Dar Es Salaam - History

History

In the 19th century Mzizima (Swahili for "healthy town") was a coastal fishing village on the periphery of Indian Ocean trade routes. In 1865 or 1866 Sultan Majid bin Said of Zanzibar began building a new city very close to Mzizima and named it Dar es Salaam. The name is commonly translated as "harbor/haven of peace" or "abode/home of peace", based on the Persian/Arabic bandar ("harbor") or the Arabic dar ("house"), and the Arabic es salaam ("of peace") (cf. "Dar as-Salam"). Dar es Salaam fell into decline after Majid's death in 1870, but was revived in 1887, when the German East Africa Company established a station there. The town's growth was facilitated by its role as the administrative and commercial centre of German East Africa and industrial expansion resulting from the construction of the Central Railway Line in the early 1900s.

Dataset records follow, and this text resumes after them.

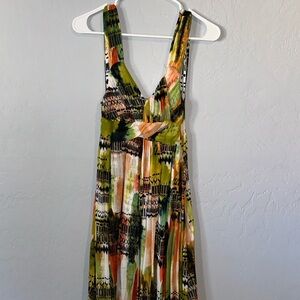 Tan and Green Halter Sundress for Resort Wear
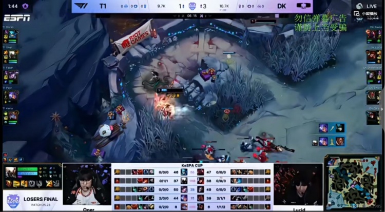 [6:45]上路Keria波比留人想配合打野gank,但是Lucid猴子直接反蹲先行将他击杀,残局Peyz芸阿娜一打三极限拉扯,开了个屏障给自己打出了机会!这波最终Peyz芸阿娜双杀,双方打了个2换2!
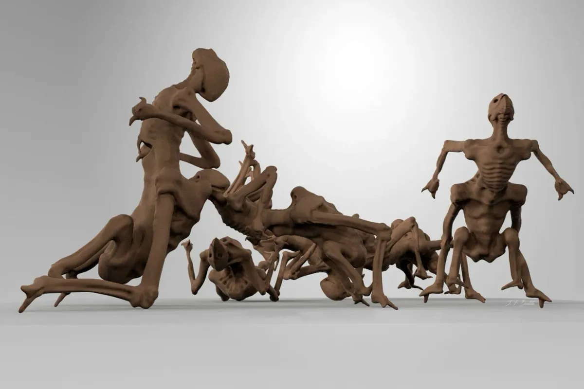 grotesquehumanoidtransformationsculpturedigital artsurrealskeletalRealismDark / DramaticStorytelling / NarrativeContemporary / ModernAbstract / ConceptualSurreal / ImaginativeConflict / Sacrifice
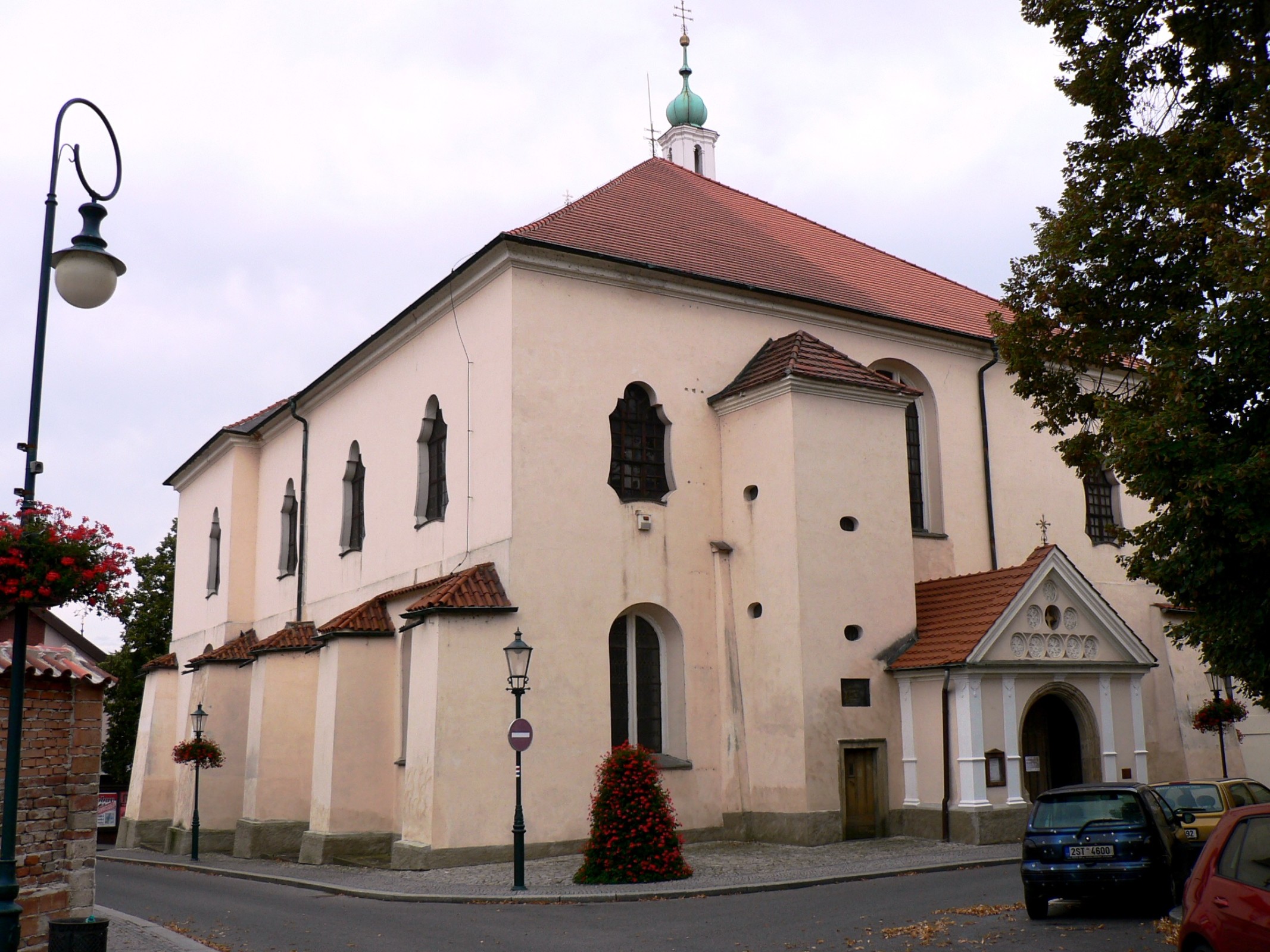 Kostel má několik vstupů. Hlavní s předsíní je na západní straně, na jižní straně je nádherný renesanční portál. Podobný portál vede i z lodi do sakristie. Na východní straně kostela je u zdi umístěn litinový kříž a železná deska manželů Hanikových z roku 1848. Nad vchodem na kruchtu je deska zakladatele městské hudební školy a varhaníka Martina Podstatného.

German East Africa was captured by the British during World War I and from then on was referred to as Tanganyika. Dar es Salaam was retained as the territory's administrative and commercial centre. Under British indirect rule, separate European (e.g. Oyster Bay) and African (e.g. Kariakoo and Ilala) areas developed at a distance from the city centre. The town's population also included a large number of South Asians. After World War II, Dar es Salaam experienced a period of rapid growth.

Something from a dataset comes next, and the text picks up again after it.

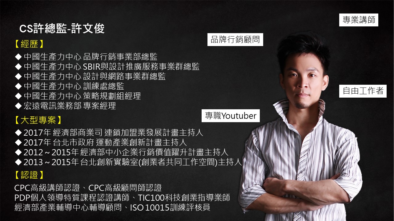 許總監曾任職於台灣最大管理顧問機構CPC生產力中心任職17年,專長為品牌策略規劃、創意行銷、網路行銷、社群經營,以及團隊建立。近年來持續耕耘企業家學習網絡,並擅長運用網路科技結合設計美學,輔導中小企業行銷價值躍升,協助產業界從代工走向品牌。
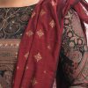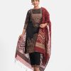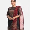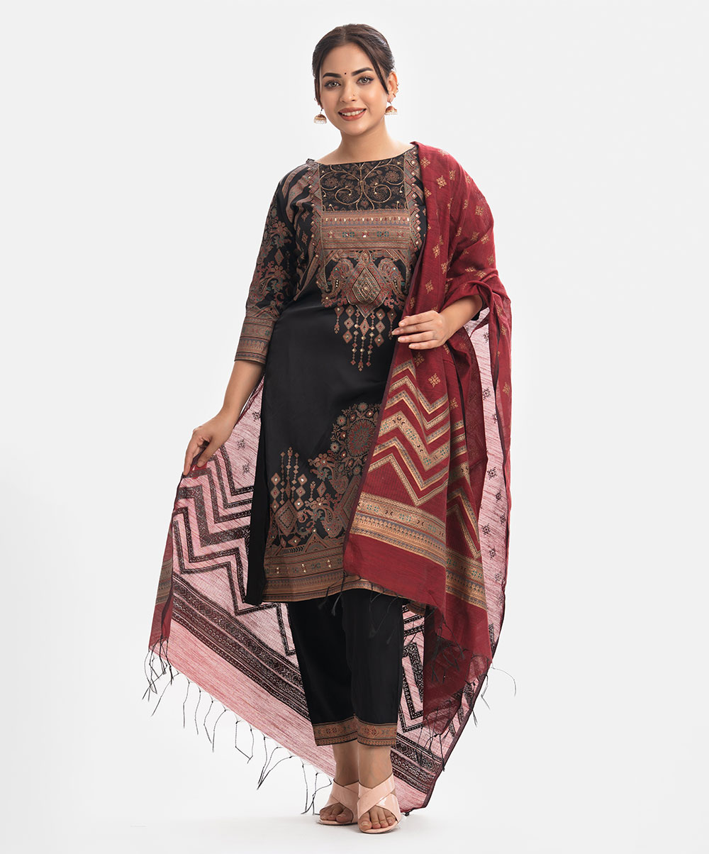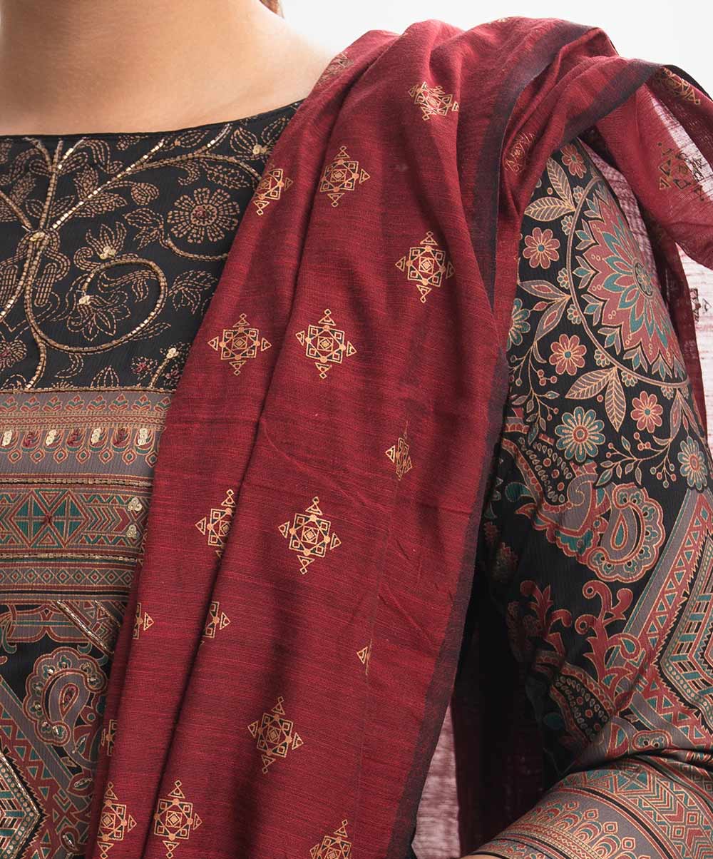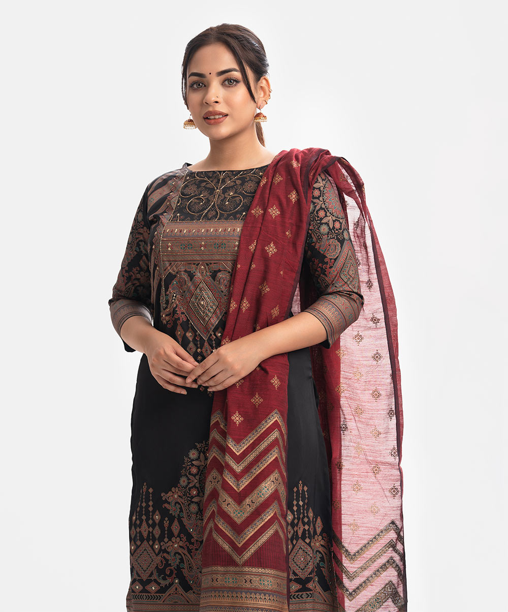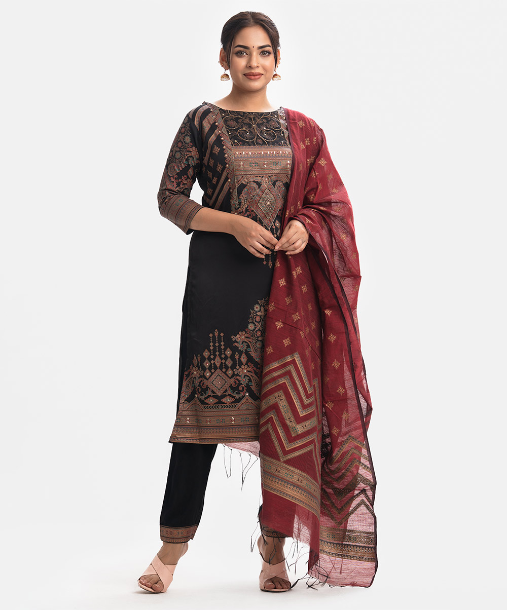 Women’s printed salwar kameez in joom fabric. Boat neck, three-quarter sleeves and heavy karchupi details at front of kameez. Half-silk dupatta with pant-style pajama.

Political developments, including the formation and growth of the Tanganyika African National Union (TANU), led to Tanganyika attaining independence from colonial rule in December 1961. Dar es Salaam continued to serve as its capital, also when in 1964 Tanganyika and Zanzibar merged to form Tanzania. However, in 1973 provisions were made to relocate the capital to Dodoma, a more centrally located city in Tanzania's interior. The relocation process has not yet been completed, and Dar es Salaam remains Tanzania's primary city.